Yesterday, I met my friend off campus to pick up seven splash marans eggs to start for our annual kindergarten hatch which will be held in my own dining room this year. I fetched MB's kindergarten packet along with a neighbor's daughter's at the preschool, and then went home. Because the kids can't come in, I created the day 1 video for them to see.
Right now marks the first time in four years that I've been a SAHM again--and for all of you moms who have been doing it a million other ways, I salute you. It's hard to mom no matter how you do it, but I have really been missing the home time that I probably misused over the years. Now, I see it as an opportunity to catch up, do different things, and get back to what my hero, Martha Stewart, calls homekeeping.

In the gardening department, I managed to rake out the front garden beds of winter leaves, divide out my lambs ears, spread pine straw, and also dig out enough stones on the property to make a winding border up around the roses I planted last spring. 

Took a break from the yard to do math with the Dawg, my independent fourth grader, who suddenly wants a presence sitting by him to do schoolwork. Then, Marsh and I logged onto Seesaw to watch his teacher read some of James and The Giant Peach, the "chapter book" that they've been reading in class. 

Later, I marinated chicken thighs for dinner, and broke up Peep, and some misguided eighth grade girlfriends, who apparently thought I would allow them to meet up at the movies, which is most probably already closed. This kicked off a phone call to the middle school principal, and a reminder for all on the parent org page that THIS IS NOT A SNOW DAY. 

There are things that I could do all day, but some of the time feels lost to thought or worry. I'm saying this because if anyone I know is reading this and maybe feeling the same way, you're not alone. Something that I think about a lot is how no matter what older birthday you have, you're still basically doing life for the "first time." None of us really know what we're doing, but we're improvising. 

As a Gen-X kid, I did read a thread that gave me a laugh. The gist of it was that we are the original latch-key kids--we've trained to be alone at home all of our lives. For me, that's definitely true. I've spent afternoons with two younger kids who got tired of their big sister bossing them around, done homework unsupervised, and fixed countless family dinners. (If you're reading this, MOM, this is not a dig on how we grew up. Parents did, and continue to do, what they had to do to keep the family afloat. Hardworking, middle class families continue to struggle.) 

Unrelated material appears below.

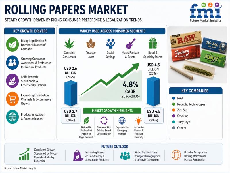 According to Future Market Insights (FMI), the global rolling papers market is projected to grow from USD 2.7 billion in 2026 to USD 4.5 billion by 2036, registering a CAGR of 4.8%. Growth is being driven by legalization trends, rising demand for pre-rolled formats, and increasing preference for organic and unbleached materials.The market is transitioning from traditional booklet-based consumption to automated, pre-rolled cone formats, especially in legalized recreational markets.
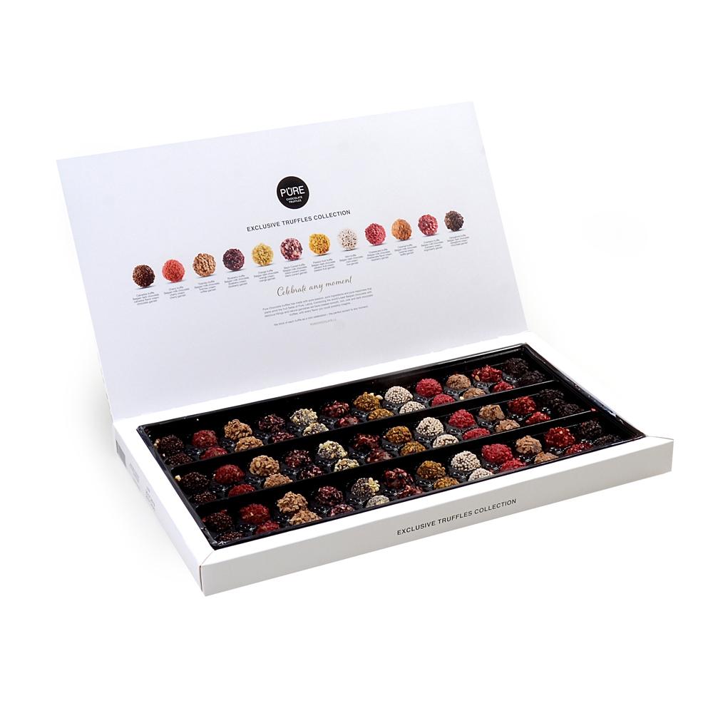 Aceasta cutie imensa cu trufe poate fi un cadou impresionant pentru oricine. Contine 72 de trufe delicioase cu diferite arome: calvados, tiramisu, cirese, cheesecake, caramel, coacaze, portocale, zabaglione, menta si fructul pasiunii.

I remember developing a big imaginary life while home alone. I watched cooking shows obsessively, and talked myself through the meals that I invented in the kitchen as if I were conducting my own show. There was the summer that I picked all the produce in the garden, packaged it up, and pulled it along in my red wagon to sell to our neighbors. By the time the internet came along, it was high excitement to realize that via compuserve, I could talk to other people my age in different places. Can you even remember a time that having a pen pal, and trusting who they were on the internet was ever a thing? Today, I'd rip the device out of my child's hand, delete the app or change the password and move on. How do I tell them that was how I met my best friend over 25 years ago?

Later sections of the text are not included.